**WHAT THE TASK REQUIRES:** Repeat exactly the lines below that lie between the line with "W szczególnych przypadkach" and the line with "In the last half", counting both of those lines as part of the answer.

**SUPPLIED RECORDS:**
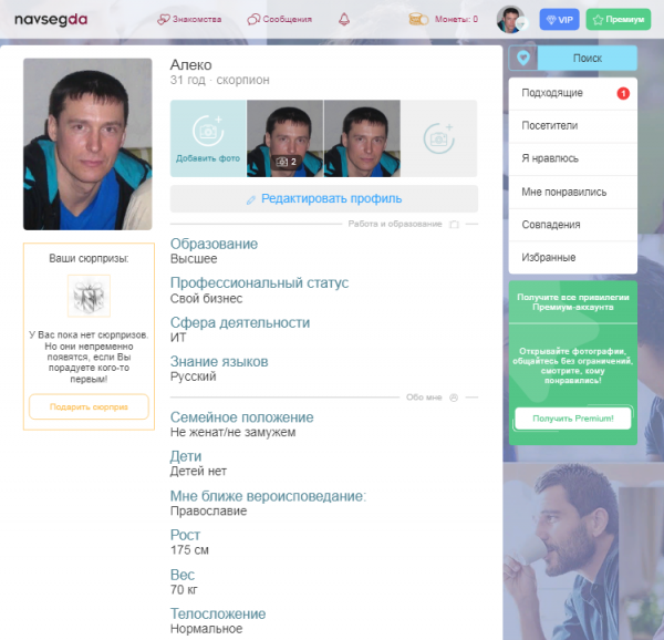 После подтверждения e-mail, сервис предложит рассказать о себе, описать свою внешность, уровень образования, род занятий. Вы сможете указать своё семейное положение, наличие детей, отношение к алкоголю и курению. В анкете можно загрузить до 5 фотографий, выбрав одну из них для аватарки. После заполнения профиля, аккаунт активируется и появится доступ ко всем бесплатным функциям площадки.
* * *
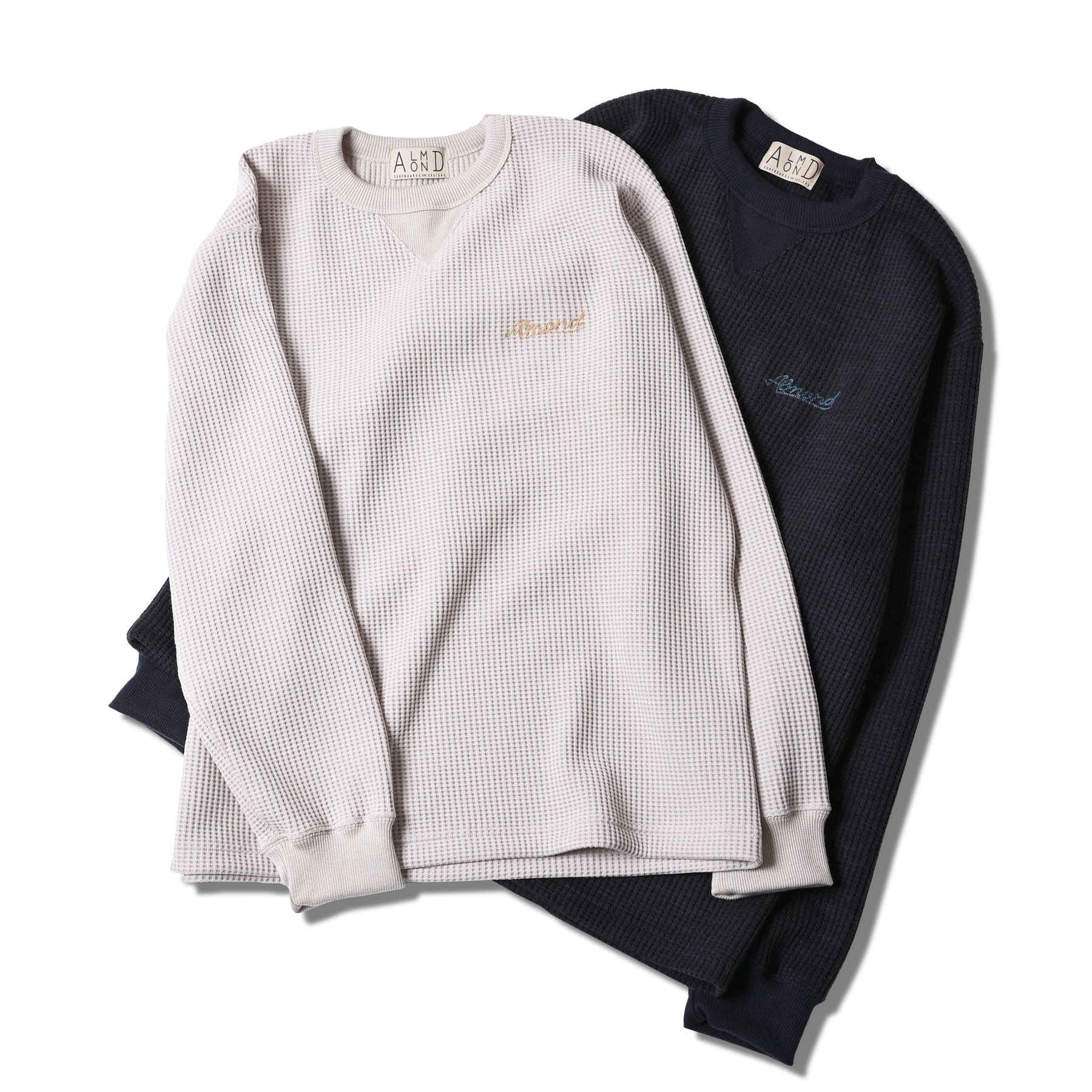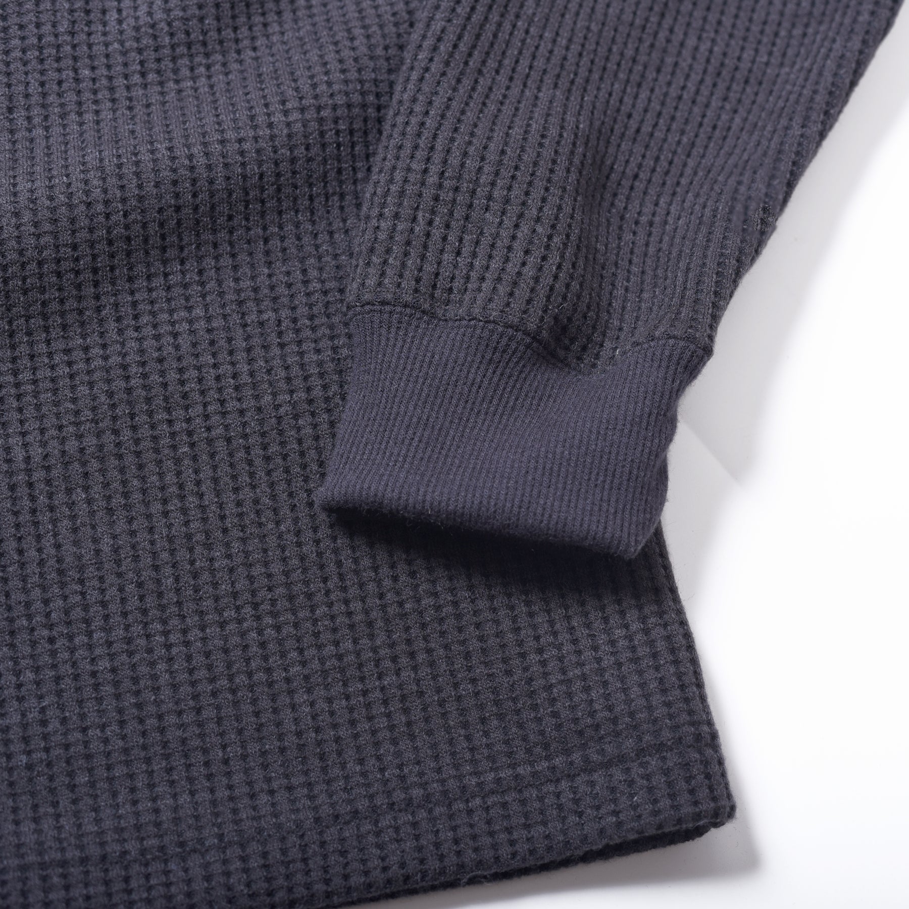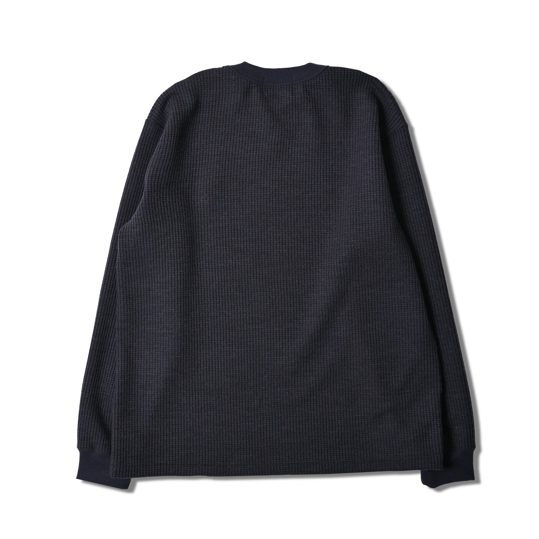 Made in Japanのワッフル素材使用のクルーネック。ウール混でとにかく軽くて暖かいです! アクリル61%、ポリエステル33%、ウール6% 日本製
--
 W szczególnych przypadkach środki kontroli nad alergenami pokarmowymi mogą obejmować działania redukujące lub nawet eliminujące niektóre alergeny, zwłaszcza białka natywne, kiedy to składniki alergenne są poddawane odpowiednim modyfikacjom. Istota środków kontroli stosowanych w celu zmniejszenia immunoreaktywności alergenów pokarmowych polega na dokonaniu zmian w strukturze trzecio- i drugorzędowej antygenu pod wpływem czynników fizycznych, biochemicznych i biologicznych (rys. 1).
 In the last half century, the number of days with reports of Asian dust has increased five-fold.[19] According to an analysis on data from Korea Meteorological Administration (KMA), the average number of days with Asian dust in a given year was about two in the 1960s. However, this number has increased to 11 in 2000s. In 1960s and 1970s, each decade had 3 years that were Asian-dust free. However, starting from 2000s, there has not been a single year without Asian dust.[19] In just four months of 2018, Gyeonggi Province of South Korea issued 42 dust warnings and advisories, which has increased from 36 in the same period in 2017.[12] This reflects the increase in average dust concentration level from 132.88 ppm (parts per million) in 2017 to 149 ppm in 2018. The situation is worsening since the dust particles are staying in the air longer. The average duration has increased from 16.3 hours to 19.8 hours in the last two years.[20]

**RESPONSE BELOW:**
 W szczególnych przypadkach środki kontroli nad alergenami pokarmowymi mogą obejmować działania redukujące lub nawet eliminujące niektóre alergeny, zwłaszcza białka natywne, kiedy to składniki alergenne są poddawane odpowiednim modyfikacjom. Istota środków kontroli stosowanych w celu zmniejszenia immunoreaktywności alergenów pokarmowych polega na dokonaniu zmian w strukturze trzecio- i drugorzędowej antygenu pod wpływem czynników fizycznych, biochemicznych i biologicznych (rys. 1).
 In the last half century, the number of days with reports of Asian dust has increased five-fold.[19] According to an analysis on data from Korea Meteorological Administration (KMA), the average number of days with Asian dust in a given year was about two in the 1960s. However, this number has increased to 11 in 2000s. In 1960s and 1970s, each decade had 3 years that were Asian-dust free. However, starting from 2000s, there has not been a single year without Asian dust.[19] In just four months of 2018, Gyeonggi Province of South Korea issued 42 dust warnings and advisories, which has increased from 36 in the same period in 2017.[12] This reflects the increase in average dust concentration level from 132.88 ppm (parts per million) in 2017 to 149 ppm in 2018. The situation is worsening since the dust particles are staying in the air longer. The average duration has increased from 16.3 hours to 19.8 hours in the last two years.[20]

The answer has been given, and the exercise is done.